[Goal of the exercise] Without including the pictures, copy each line below exactly as it reads.

[Collected material]
- - - - -

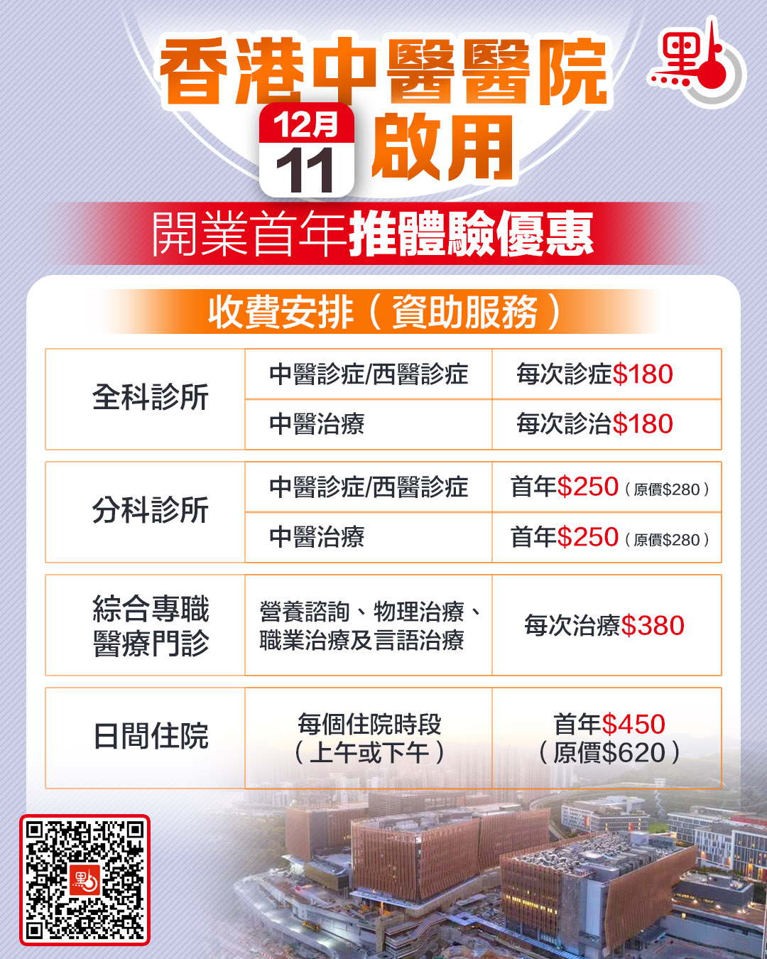 香港中醫醫院位於將軍澳百勝角路1號,今起分階段投入服務,首年提供門診、日間住院及臨床支援服務,第二年起開展住院服務,預計2030年底全面啟用400張病床,門診量達每年40萬人次。
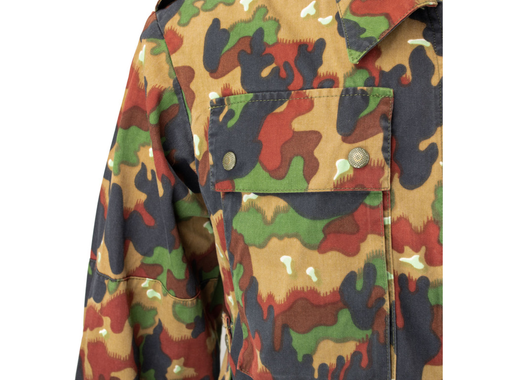 Švýcarská armádní blůza vzor 83, známá také pod označením TAZ 83 (Tenue d'Assaut 83) nebo přezdívkou "Alpenflage", má zajímavou historii i design. Vzor TAZ 83 je výrazný, s neobvyklou kombinací barev. Na první pohled se zdá být velmi jasný (obsahuje výraznou červenou), ale ve skutečnosti byl navržen tak, aby účinně maskoval v alpském terénu a v zastavěných oblastech. Blůza je vyrobena z odolné směsi bavlny a polyesteru v poměru 50/50, která je odolná vůči větru a mírnému dešti.
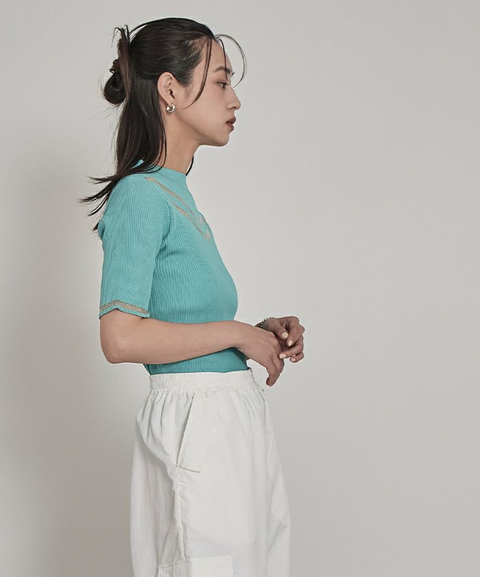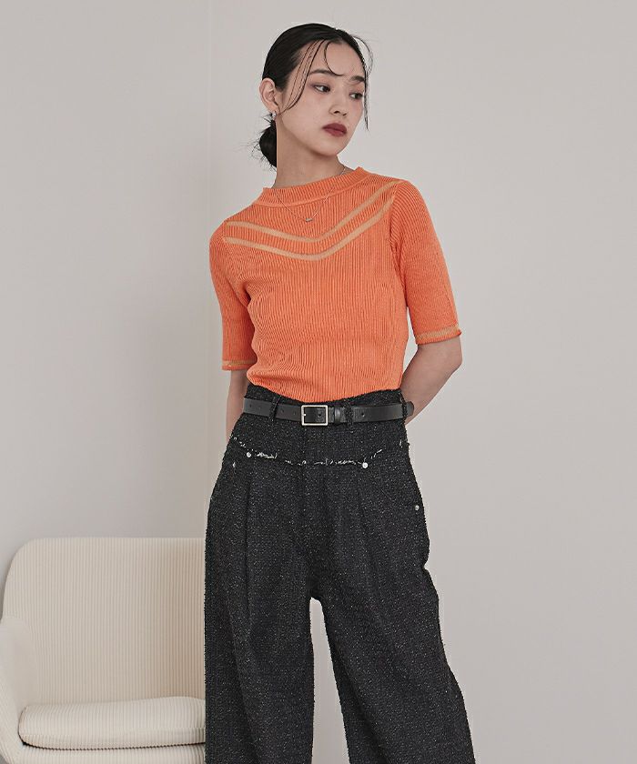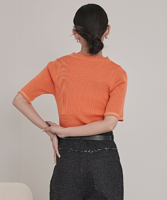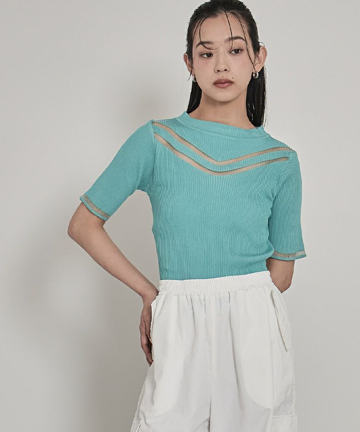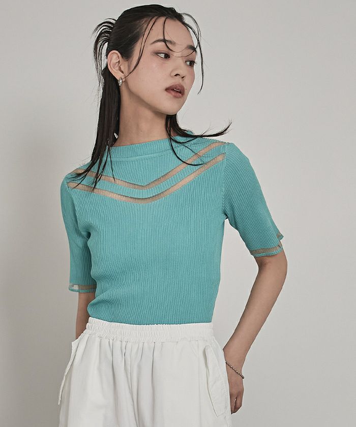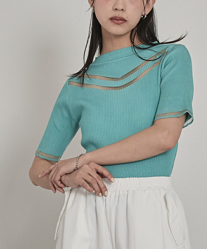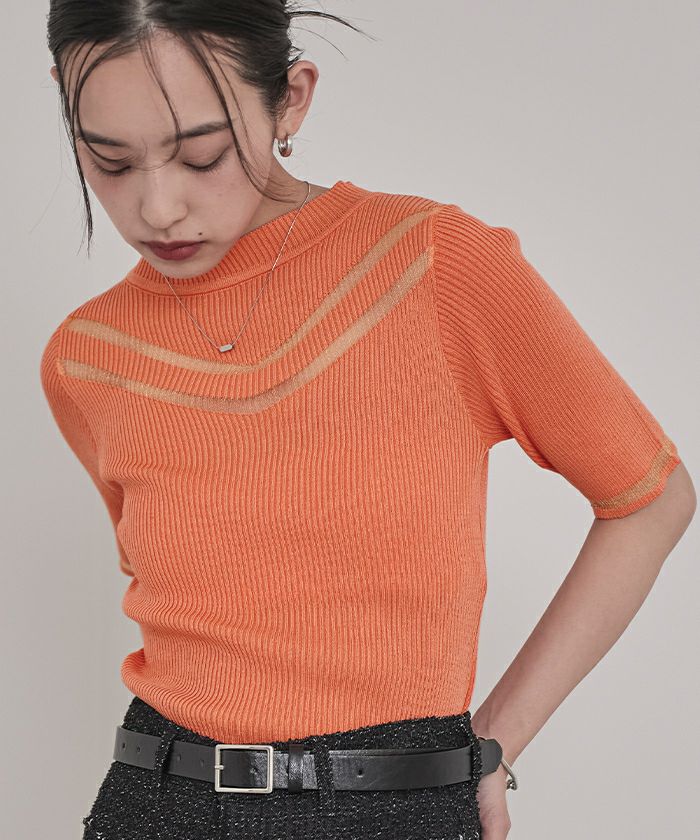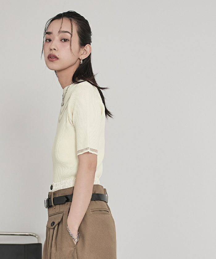 胸元と袖口にシアー感のある糸を使用し、透け感のあるラインが印象的なデザイントップス。5分袖仕様で気になる二の腕をさりげなくカバーしつつ、抜け感のあるスタイルを演出します。伸縮性のあるリブ素材を採用しており、快適でストレスフリーな着心地を実現。ベーシックなフォルムに程よくデザイン性を加えた一枚は、デイリーから特別なシーンまで幅広く活躍します。

- - - - -

[Output for this task]
 香港中醫醫院位於將軍澳百勝角路1號,今起分階段投入服務,首年提供門診、日間住院及臨床支援服務,第二年起開展住院服務,預計2030年底全面啟用400張病床,門診量達每年40萬人次。
 Švýcarská armádní blůza vzor 83, známá také pod označením TAZ 83 (Tenue d'Assaut 83) nebo přezdívkou "Alpenflage", má zajímavou historii i design. Vzor TAZ 83 je výrazný, s neobvyklou kombinací barev. Na první pohled se zdá být velmi jasný (obsahuje výraznou červenou), ale ve skutečnosti byl navržen tak, aby účinně maskoval v alpském terénu a v zastavěných oblastech. Blůza je vyrobena z odolné směsi bavlny a polyesteru v poměru 50/50, která je odolná vůči větru a mírnému dešti.
 胸元と袖口にシアー感のある糸を使用し、透け感のあるラインが印象的なデザイントップス。5分袖仕様で気になる二の腕をさりげなくカバーしつつ、抜け感のあるスタイルを演出します。伸縮性のあるリブ素材を採用しており、快適でストレスフリーな着心地を実現。ベーシックなフォルムに程よくデザイン性を加えた一枚は、デイリーから特別なシーンまで幅広く活躍します。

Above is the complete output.